Island in James City County, Virginia, United States

Pocahontas statue, Jamestown Island, Virginia

Jamestown Island is a 1561 acre island in the James River in Virginia, part of James City County. It is located off Glasshouse Point, to which it is connected via a causeway to the Colonial Parkway. Much of the island is wetland, including both swamp and marsh.

==History==
Prior to English settlement, the nearby area was home to the Paspahegh people, or Virginia Algonquians. In May 1607, the island (then a peninsula) became the site of James Fort, the first permanent English settlement in the Americas. The chief of the Powatan at that time, also named Powhatan, was father of Pocahontas.

After Powhatan's death in 1618, hostilities with colonists escalated under his brother, Opechancanough.
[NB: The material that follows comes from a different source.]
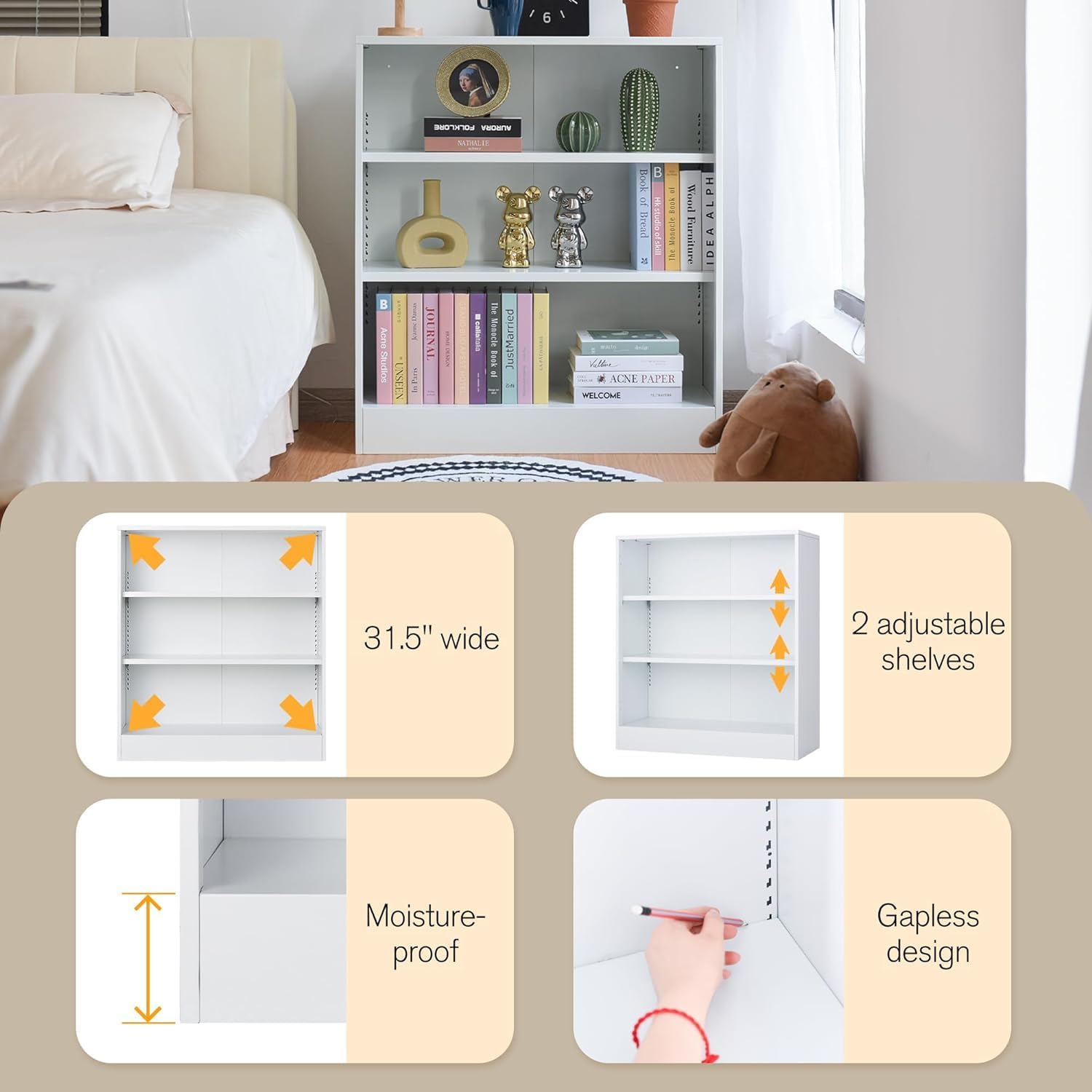 3-Tier Bookshelf with Adjustable Shelves, White Metal Space Saving Storage Shelf Bookcase, Small Open Storage Shelf for Living Room, Home Office, Dinning Room, Pantry (White-36H)

His large-scale attacks in 1622 and 1644 met strong reprisals by the English, resulting in the near elimination of both the settlement and the tribe. After Bacon's Rebellion in 1677, Jamestown lasted until 1699, when it was abandoned in favor of a new site at Williamsburg.

==Significance==

By the early 20th century, the isthmus connecting the landform to Glasshouse Point had eroded, making it a proper island. Today, most of the island is a part of Colonial National Historical Park, including Historic Jamestown.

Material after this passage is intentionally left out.